◆ RECORD EXCERPTS ◆
··········
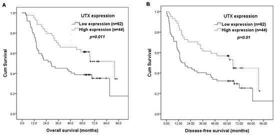 The correlations of patients’ survival with clinicopathological parameters and UTX expression are summarized in Table 3. By log-rank tests, 7th edition AJCC stage I (p = 0.008), T classification, T1/2 (p = 0.013), N classification, N0 (p < 0.001), negative surgical margin (p = 0.015), and high UTX expression (p = 0.011, Figure 2A) were associated with superior OS. Furthermore, 7th AJCC stage I (p = 0.002), T classification, T1/2 (p = 0.022), N classification, N0 (p < 0.001), and high UTX expression (p = 0.01, Figure 2B) were associated with better DFS.
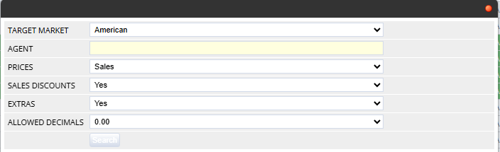 Export prices option window will open. For b2b users Target market and Agent options will be set automatically.
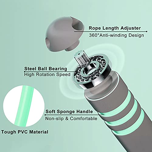 NINECY Corda per saltare regolabile per adulti, per fitness, Speed Rope con cuscinetti a sfera professionali e manici in schiuma antiscivolo, ideale per perdita di peso, donne e bambini (verde)
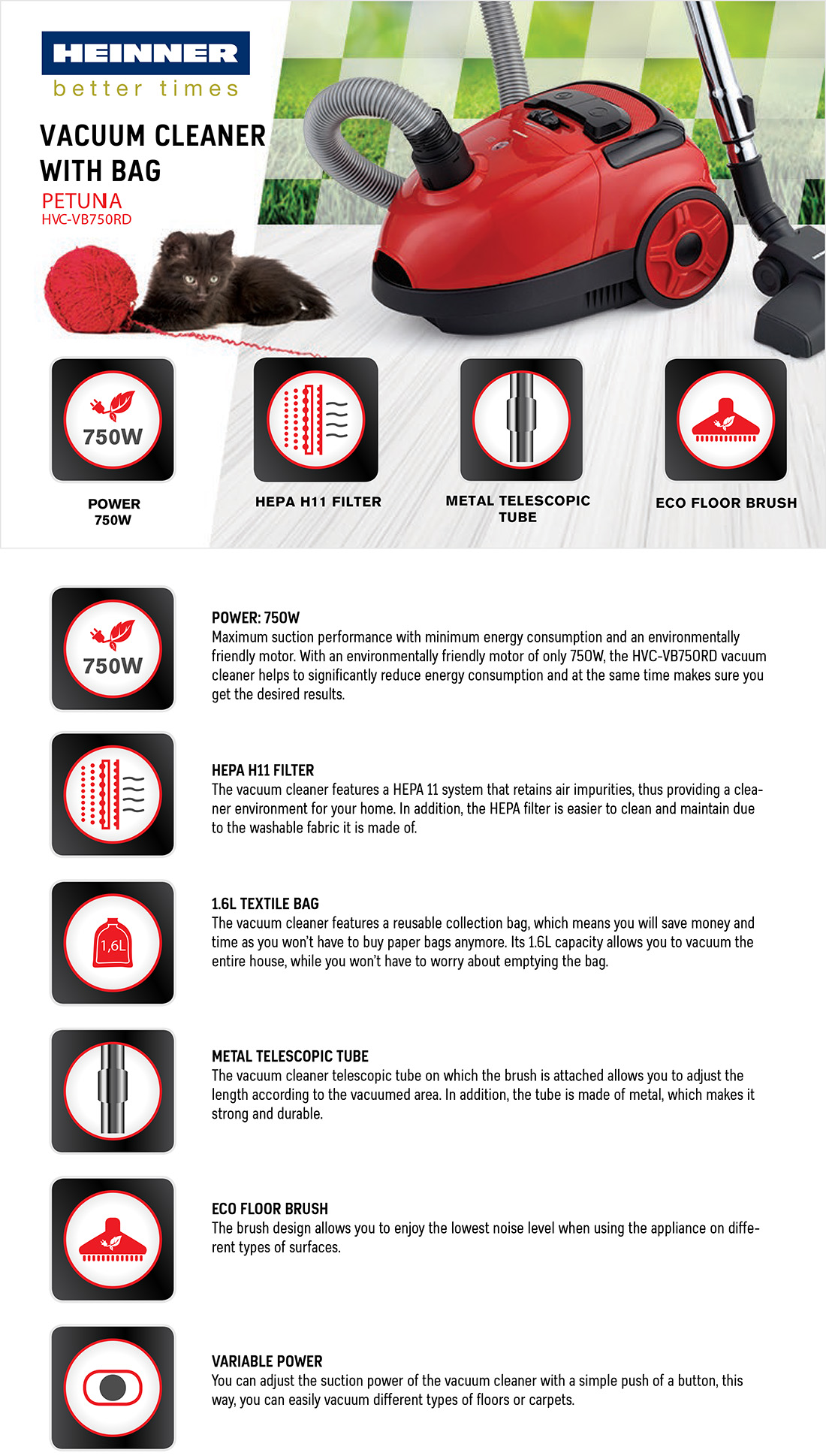 Vacuum cleaner Heinner Petunia HVC-VB750RD, 750W, H11 HEPA filter, suction power: > 180W, dust bag capacity 1.6 l, metal telescopic tube, eco floor brush, variable power control, accessory: sofa brush, crevice brush, automatic cord rewinder, red
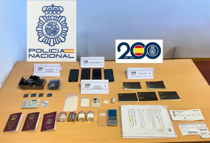 Se ha realizado una entrada y registro en Madrid y se han intervenido visados y pasaportes falsificados de otras nacionalidades, más de cuatrocientos gramos de sustancias estupefacientes de origen sintético (ketamina y MDMA), básculas de precisión y utensilios para su corte, peso y distribución, un tampón para falsificar sellos del Servicio de Inmigración de Japón, varios dispositivos electrónicos, cuatro teléfonos móviles y numerosa documentación relacionada con la investigación.
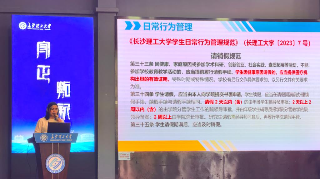 会议伊始,年级辅导员张雅雯结合《在线买世界杯平台学生手册》相关规定,围绕日常管理与安全教育展开讲解。她重点解读了请销假制度、违纪处理办法、校外实习安全管理规定及走读外宿审批流程,提醒同学们毕业季纪律要求不能放松。针对近期高发的“代做毕业设计、论文”类骗局,她结合真实案例进行警示,要求大家增强防范意识,确保人身财产安全。
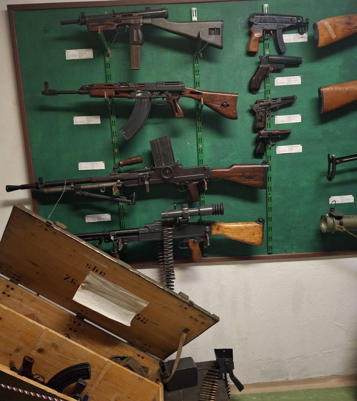V muzeu je ukázka zbraní, které používala tehdejší armáda a veřejná bezpečnost (policie) u nás.
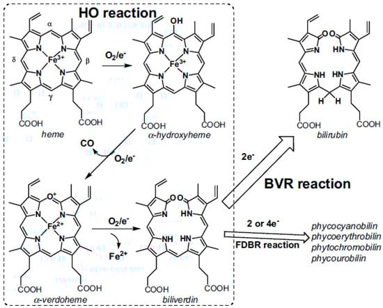 - Sugishima, M.; Wada, K.; Fukuyama, K. Recent Advances in the Understanding of the Reaction Chemistries of the Heme Catabolizing Enzymes HO and BVR Based on High Resolution Protein Structures. Curr. Med. Chem. 2020, 27, 3499–3518. [Google Scholar] [CrossRef]
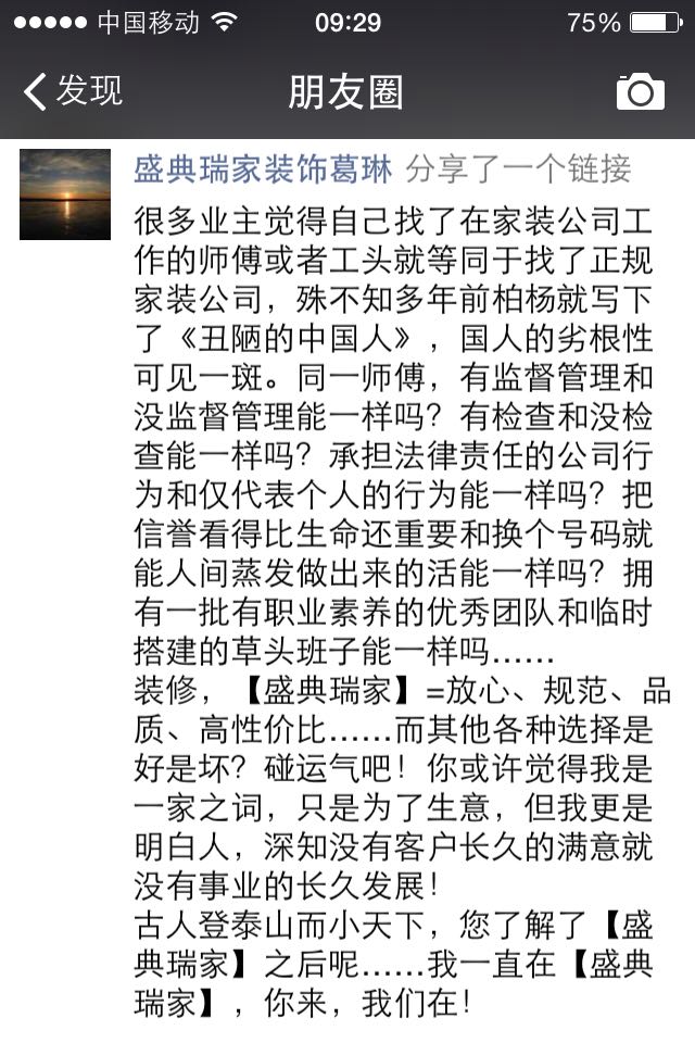 盛典瑞家装饰市场部经理葛琳,从事家装行业10余年,积累了丰富的经验。很多业主因为关注她的微信,最后成为了盛典瑞家的客户,因为她的微信里没有赤裸裸的营销,都是站在朋友立场的推心置腹,剖析真实的事例,讲解从业的切身经验。今天清晨(发布时间06:06)看到她发布的一则微信,小编深感认同,特拿来与亲们分享!
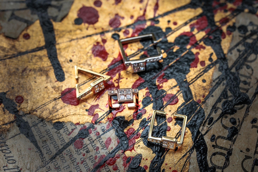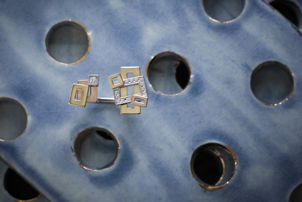 イエローゴールド、ホワイトゴールド、ピンクゴールドの様々な形の四角を重ねた積み木
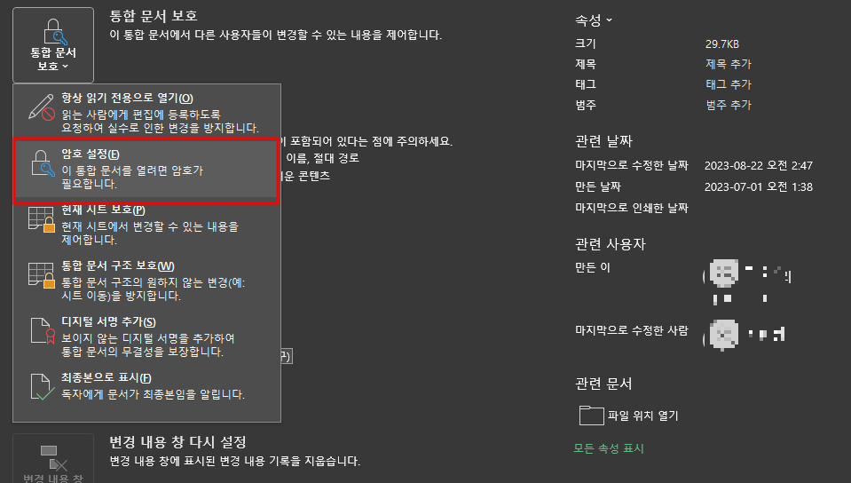 엑셀 파일 암호 설정과 해제 방법: 통합문서 및 시트 보호 암호 걸기
··········
◆ PROBLEM REQUIREMENTS ◆
The listing should be transcribed exactly. No picture is to appear in the transcription.

◆ TASK ANSWER ◆
 The correlations of patients’ survival with clinicopathological parameters and UTX expression are summarized in Table 3. By log-rank tests, 7th edition AJCC stage I (p = 0.008), T classification, T1/2 (p = 0.013), N classification, N0 (p < 0.001), negative surgical margin (p = 0.015), and high UTX expression (p = 0.011, Figure 2A) were associated with superior OS. Furthermore, 7th AJCC stage I (p = 0.002), T classification, T1/2 (p = 0.022), N classification, N0 (p < 0.001), and high UTX expression (p = 0.01, Figure 2B) were associated with better DFS.
 Export prices option window will open. For b2b users Target market and Agent options will be set automatically.
 NINECY Corda per saltare regolabile per adulti, per fitness, Speed Rope con cuscinetti a sfera professionali e manici in schiuma antiscivolo, ideale per perdita di peso, donne e bambini (verde)
 Vacuum cleaner Heinner Petunia HVC-VB750RD, 750W, H11 HEPA filter, suction power: > 180W, dust bag capacity 1.6 l, metal telescopic tube, eco floor brush, variable power control, accessory: sofa brush, crevice brush, automatic cord rewinder, red
 Se ha realizado una entrada y registro en Madrid y se han intervenido visados y pasaportes falsificados de otras nacionalidades, más de cuatrocientos gramos de sustancias estupefacientes de origen sintético (ketamina y MDMA), básculas de precisión y utensilios para su corte, peso y distribución, un tampón para falsificar sellos del Servicio de Inmigración de Japón, varios dispositivos electrónicos, cuatro teléfonos móviles y numerosa documentación relacionada con la investigación.
 会议伊始,年级辅导员张雅雯结合《在线买世界杯平台学生手册》相关规定,围绕日常管理与安全教育展开讲解。她重点解读了请销假制度、违纪处理办法、校外实习安全管理规定及走读外宿审批流程,提醒同学们毕业季纪律要求不能放松。针对近期高发的“代做毕业设计、论文”类骗局,她结合真实案例进行警示,要求大家增强防范意识,确保人身财产安全。
V muzeu je ukázka zbraní, které používala tehdejší armáda a veřejná bezpečnost (policie) u nás.
 - Sugishima, M.; Wada, K.; Fukuyama, K. Recent Advances in the Understanding of the Reaction Chemistries of the Heme Catabolizing Enzymes HO and BVR Based on High Resolution Protein Structures. Curr. Med. Chem. 2020, 27, 3499–3518. [Google Scholar] [CrossRef]
 盛典瑞家装饰市场部经理葛琳,从事家装行业10余年,积累了丰富的经验。很多业主因为关注她的微信,最后成为了盛典瑞家的客户,因为她的微信里没有赤裸裸的营销,都是站在朋友立场的推心置腹,剖析真实的事例,讲解从业的切身经验。今天清晨(发布时间06:06)看到她发布的一则微信,小编深感认同,特拿来与亲们分享!
 イエローゴールド、ホワイトゴールド、ピンクゴールドの様々な形の四角を重ねた積み木
 엑셀 파일 암호 설정과 해제 방법: 통합문서 및 시트 보호 암호 걸기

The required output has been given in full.